The Metropolitan Council gave the green light to the Southwest light-rail project on a 14-2 vote Wednesday afternoon, despite continuing objections from the city of Minneapolis.
The $1.6 billion light rail line will run about 16 miles from downtown Minneapolis through St. Louis Park, Hopkins, Minnetonka and Eden Prairie.
The approved plan calls for the proposed light rail to run in two shallow tunnels through the Kenliworth recreation area of Minneapolis. The light-rail trains will emerge from the tunnels for about 20 seconds on a new bridge over the channel between Cedar Lake and Lake of the Isles.
Last week, leaders from the affected communities voted in favor of the tunnel plan, despite opposition from Minneapolis Mayor Betsy Hodges. On Tuesday, Gov. Mark Dayton said although the plan is flawed, it's the "only option" for the light rail to move forward, according to the Star Tribune.
“There does not appear to be any other viable alternative to what the council will be considering,” Dayton told the newspaper. “It’s the only option for the line to go forward, and I support the line going forward."
Another option being pushed by Minneapolis officials was to reroute freight traffic through St. Louis Park, but that proposal was rejected.
One of the Met Council members who voted against the plan is Gary Cunningham, who is married to Mayor Hodges, MPR News reports. The other "no" vote came from Wendy Wulff of Lakeville, who said alternatives to the tunnel plan had not been given enough consideration, the Star Tribune reports.
Disputes over the light rail have already cost the project millions of dollars and delayed the projected opening date by a year or more. Further delays could cause federal funding to disappear, Dayton told the Star Tribune. Hennepin County Commissioner Peter McLaughlin told MPR News that federal money would fund nearly half the proposed project.
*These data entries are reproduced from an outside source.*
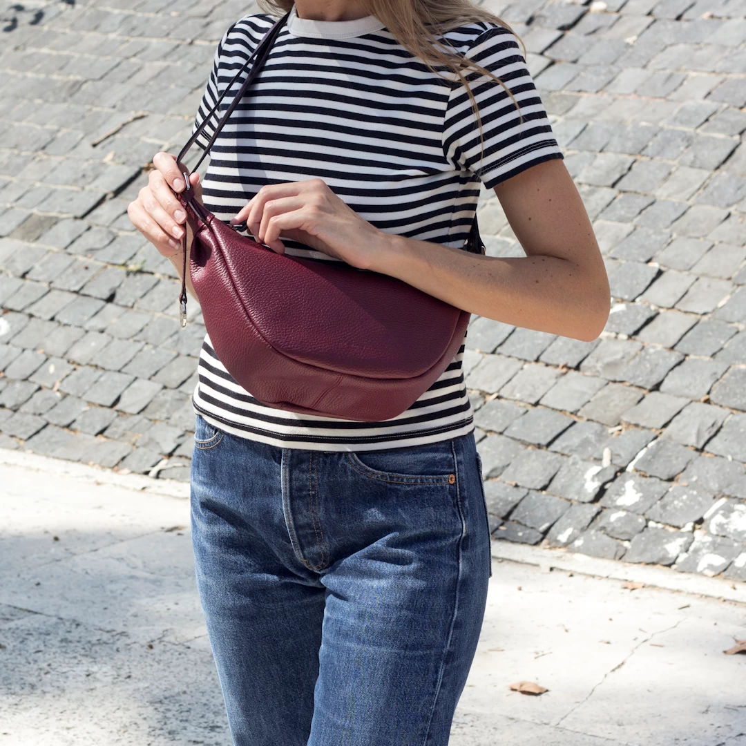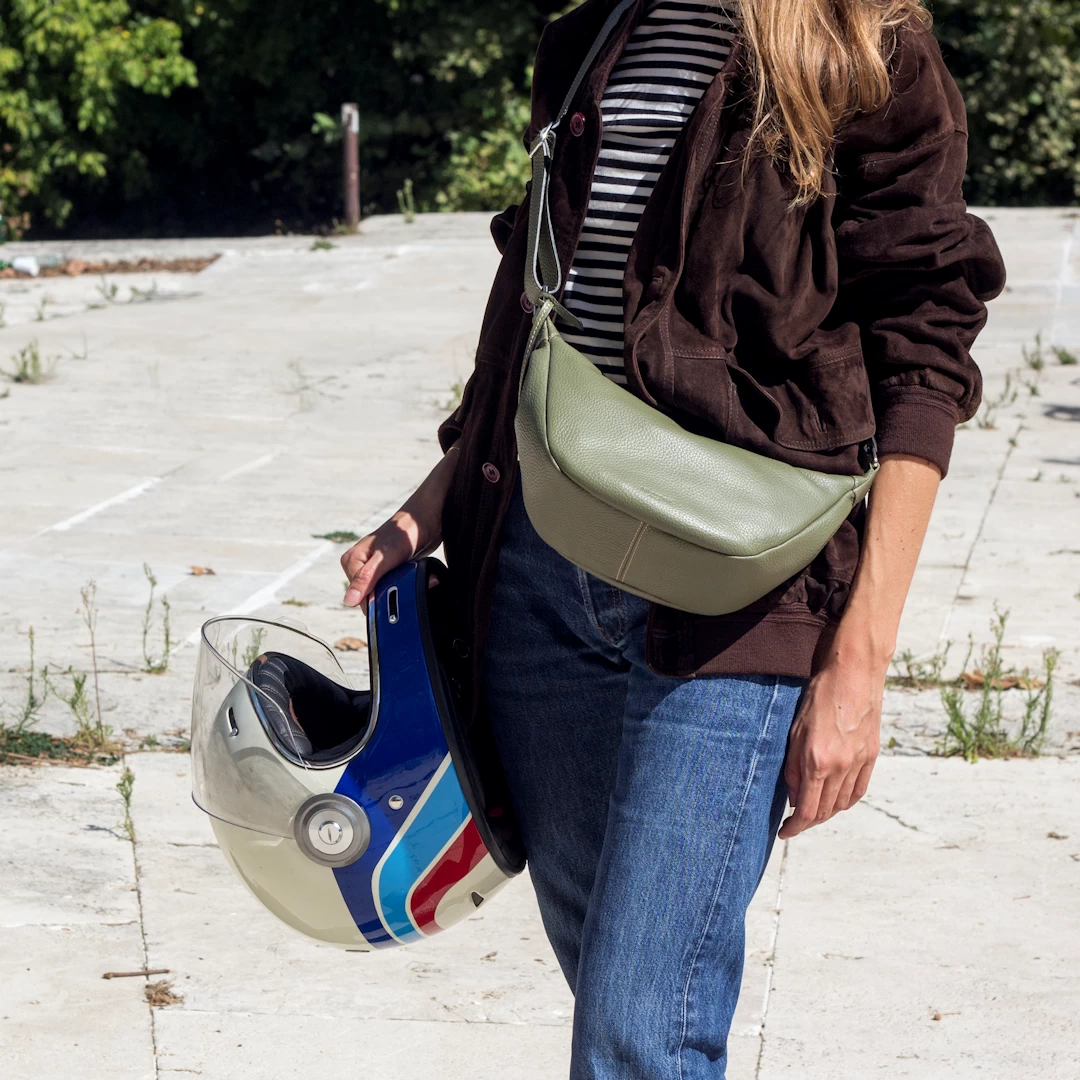 Introducing our mini leather crossbody bag Babe, a perfect blend of style and functionality. Crafted from soft calf pebbled leather, this small shoulder bag is lightweight and designed with a trendy banana shape, making it an essential accessory for any occasion. Featuring an adjustable strap with a slider and a secure zip-top closure, it ensures both durability and elegance. The interior is lined with fabric for added convenience. Versatile and stylish, this mini shoulder bag is perfect for travel and leisure. Though designed as a sporty leather bag, its luxurious appearance makes it suitable for both elegant and casual outfits. Its compact size is ideal for travel, yet it remains spacious enough to be functional for daily essentials like a phone, wallet, and keys. Expertly crafted in Italy, this small Italian leather crossbody bag showcases exquisite craftsmanship, blending traditional techniques with modern, versatile design for today’s fashion-forward woman.
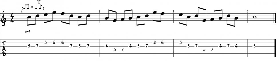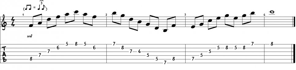 Ora che abbiamo tracciato la mappa degli accordi attraverso la scala, possiamo prendere in considerazione un fraseggio melodico che si appoggia totalmente all’armonia e sarà quindi costituito prevalentemente dalle note degli arpeggi come il prossimo esempio.
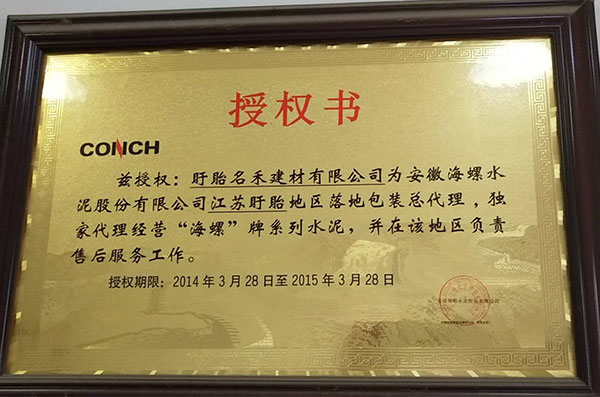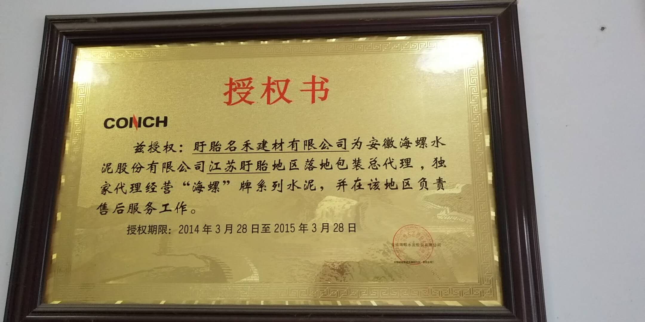 盱眙名禾建材有限公司由安徽海螺水泥股份有限公司授权的在江苏盱眙区域
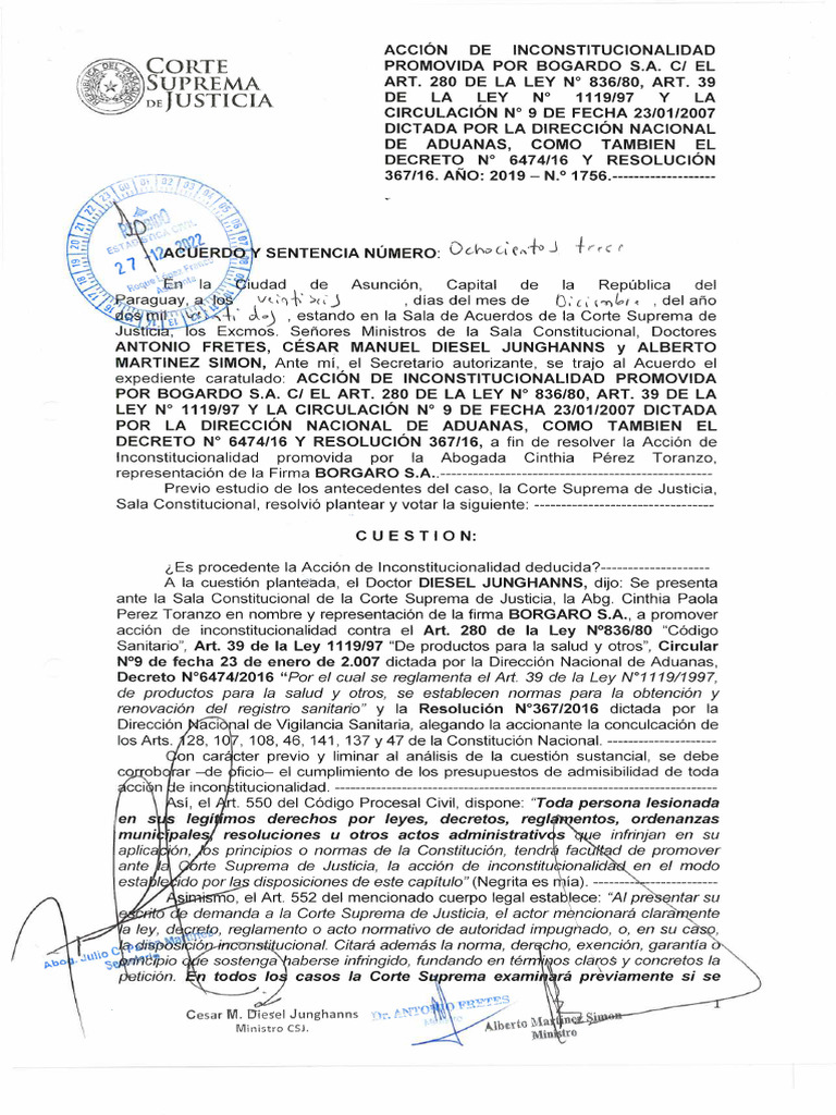 POR BOGARDO S.A. C/ EL ART. 280 DE LA LEY Nº 836/80, ART. 39 DE LA

Not all of Minneapolis is opposed to the tunnel option. On Tuesday, people living in North Minneapolis put pressure on Hodges to support the Southwest light-rail plan and avoid further delays, according to KSTP. North side residents say the light rail would give them more job opportunities by allowing them to travel outside of the city as well as bring development to their neighborhoods, KSTP says.
The next step forward is the "municipal consent" process, where Hennepin County and all five cities impacted by the light rail will have to agree on the plan by the end of June in order to stay on track. Given the opposition from Minneapolis, that city may decide to withhold its consent.
Residents of the Kenilworth neighborhood have said they would consider taking legal action to stop the shallow tunnel plan.